## Task to complete
Provide again, from the entries below, every line from the one containing "Моя любимая скамейка" through the one containing "prochain appareil Bluetooth.", exactly as written, and no other line.

Top of Listed records

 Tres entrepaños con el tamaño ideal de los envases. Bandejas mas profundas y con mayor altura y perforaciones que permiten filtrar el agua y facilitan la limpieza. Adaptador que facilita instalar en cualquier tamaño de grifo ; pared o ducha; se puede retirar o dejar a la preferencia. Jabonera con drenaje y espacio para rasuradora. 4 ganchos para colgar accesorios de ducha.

Bottom of Listed records
Top of Listed records

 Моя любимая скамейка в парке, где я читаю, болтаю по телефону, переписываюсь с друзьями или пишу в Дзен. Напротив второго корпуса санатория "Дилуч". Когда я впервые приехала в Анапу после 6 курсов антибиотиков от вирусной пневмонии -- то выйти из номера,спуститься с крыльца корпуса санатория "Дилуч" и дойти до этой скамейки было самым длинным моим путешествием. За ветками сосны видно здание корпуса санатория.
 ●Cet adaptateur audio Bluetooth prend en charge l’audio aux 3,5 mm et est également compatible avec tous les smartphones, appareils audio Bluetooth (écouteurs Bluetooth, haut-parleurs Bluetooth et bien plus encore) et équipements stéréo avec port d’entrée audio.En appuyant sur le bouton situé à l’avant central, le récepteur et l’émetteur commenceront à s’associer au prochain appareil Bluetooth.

Bottom of Listed records

## Result
 Моя любимая скамейка в парке, где я читаю, болтаю по телефону, переписываюсь с друзьями или пишу в Дзен. Напротив второго корпуса санатория "Дилуч". Когда я впервые приехала в Анапу после 6 курсов антибиотиков от вирусной пневмонии -- то выйти из номера,спуститься с крыльца корпуса санатория "Дилуч" и дойти до этой скамейки было самым длинным моим путешествием. За ветками сосны видно здание корпуса санатория.
 ●Cet adaptateur audio Bluetooth prend en charge l’audio aux 3,5 mm et est également compatible avec tous les smartphones, appareils audio Bluetooth (écouteurs Bluetooth, haut-parleurs Bluetooth et bien plus encore) et équipements stéréo avec port d’entrée audio.En appuyant sur le bouton situé à l’avant central, le récepteur et l’émetteur commenceront à s’associer au prochain appareil Bluetooth.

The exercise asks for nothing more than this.